ACTIVITY: Every line from the one with "9990-29990 美品 二万以下" to the final line of the records should be printed exactly as it is, with pictures left out.

RECORDS SHOWN:
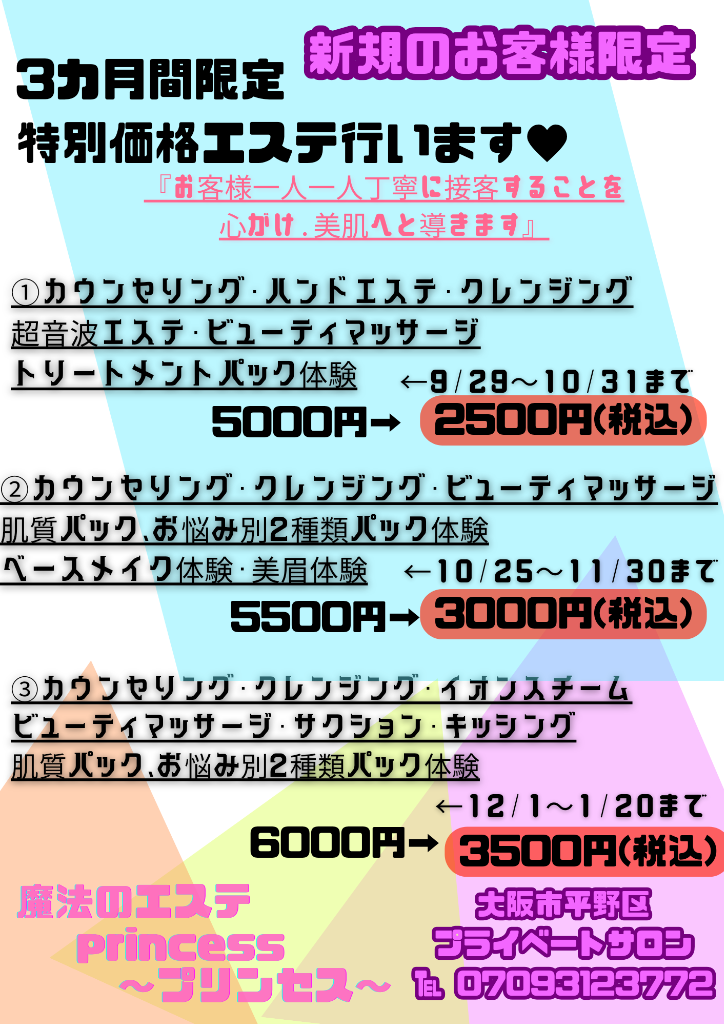 大阪市平野区でエステサロンをお探しでしたら、肌質改善へ導く“魔法のエステ "princess"~プリンセス~”へぜひお越しください。
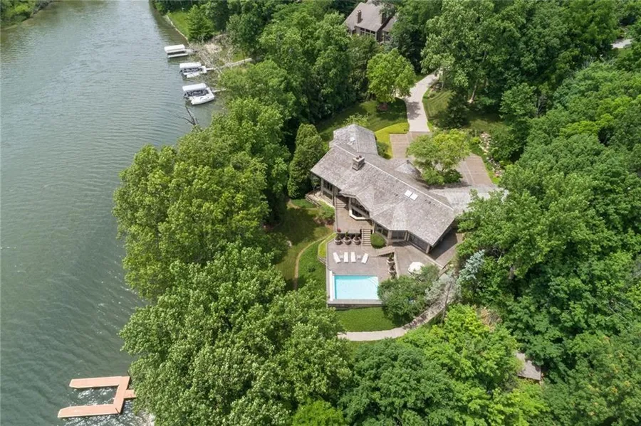 Tucked away along the shores of the famous Eagle Creek Reservoir, rests a gorgeous estate that boasts a very private, park-like setting. Capturing the sought after Mid-Century Modern style, the welcoming interior is the perfect blend of clean lines and bright open spaces. Massive, main floor owner's retreat has fireplace, library/sitting area and spa-like bath with jetted tub, walk-in shower and his/hers closets. Entertain with ease as your guests enjoy the multiple outdoor seating areas and crystal clear, in-ground pool; while overlooking serene water views. Shaded by mature trees, the winding path leads to private dock-making water access effortless. Home is waiting its new stewards to transform it to their personal style. Gated entrance.
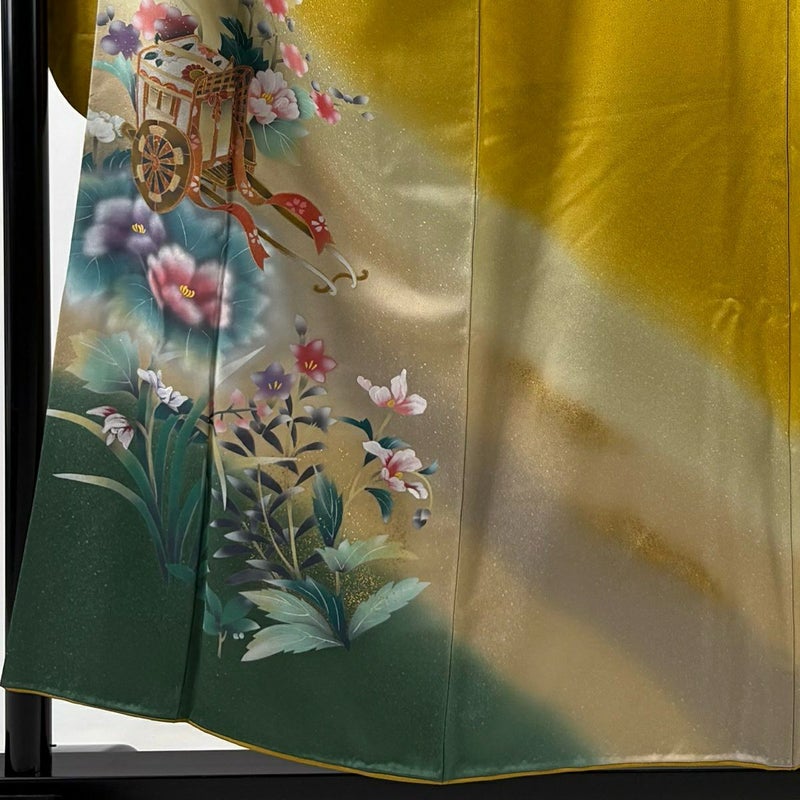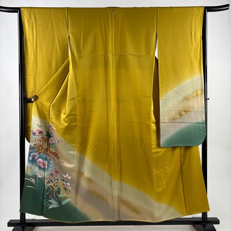 【振袖】 黄色系 からし色 秀品 A 約150cm~約159cm 裄丈65cm (M)size 袖丈91cm以上 9990-29990 美品 二万以下
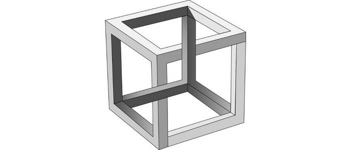 What type of cube appears to face multiple directions simultaneously and is known as an impossible cube, meaning it can be drawn but not constructed, and changes perspective based on your focus?
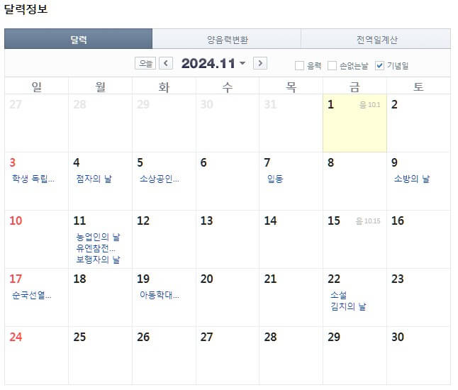 2024년 휴일 정보
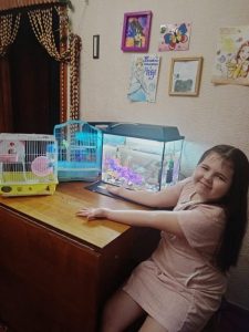 Онлайн — выставка фотографий «Наши верные друзья». Попугай Тини, Хомячок Хома и аквариумные рыбки, Сенновская Виталина, 10 лет, МОУ СОШ 1 имени Т.Г. Мазура, г. Пугачев Саратовской области.
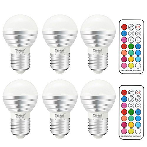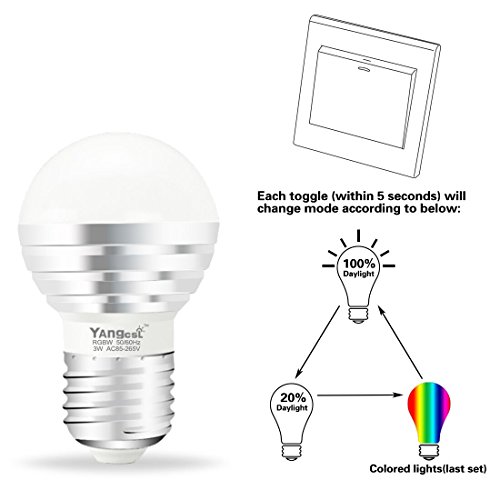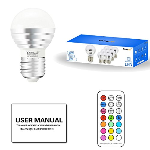 Yangcsl 3W Timing Remote Controller RGBW Color Changing LED Light Bulbs, Double Memory and Wall Switch Control, RGB + Daylight White, 20W Incandescent Bulb Equivalent (Pack of 6)

SOLUTION FOR THIS PROBLEM:
 【振袖】 黄色系 からし色 秀品 A 約150cm~約159cm 裄丈65cm (M)size 袖丈91cm以上 9990-29990 美品 二万以下
 What type of cube appears to face multiple directions simultaneously and is known as an impossible cube, meaning it can be drawn but not constructed, and changes perspective based on your focus?
 2024년 휴일 정보
 Онлайн — выставка фотографий «Наши верные друзья». Попугай Тини, Хомячок Хома и аквариумные рыбки, Сенновская Виталина, 10 лет, МОУ СОШ 1 имени Т.Г. Мазура, г. Пугачев Саратовской области.
 Yangcsl 3W Timing Remote Controller RGBW Color Changing LED Light Bulbs, Double Memory and Wall Switch Control, RGB + Daylight White, 20W Incandescent Bulb Equivalent (Pack of 6)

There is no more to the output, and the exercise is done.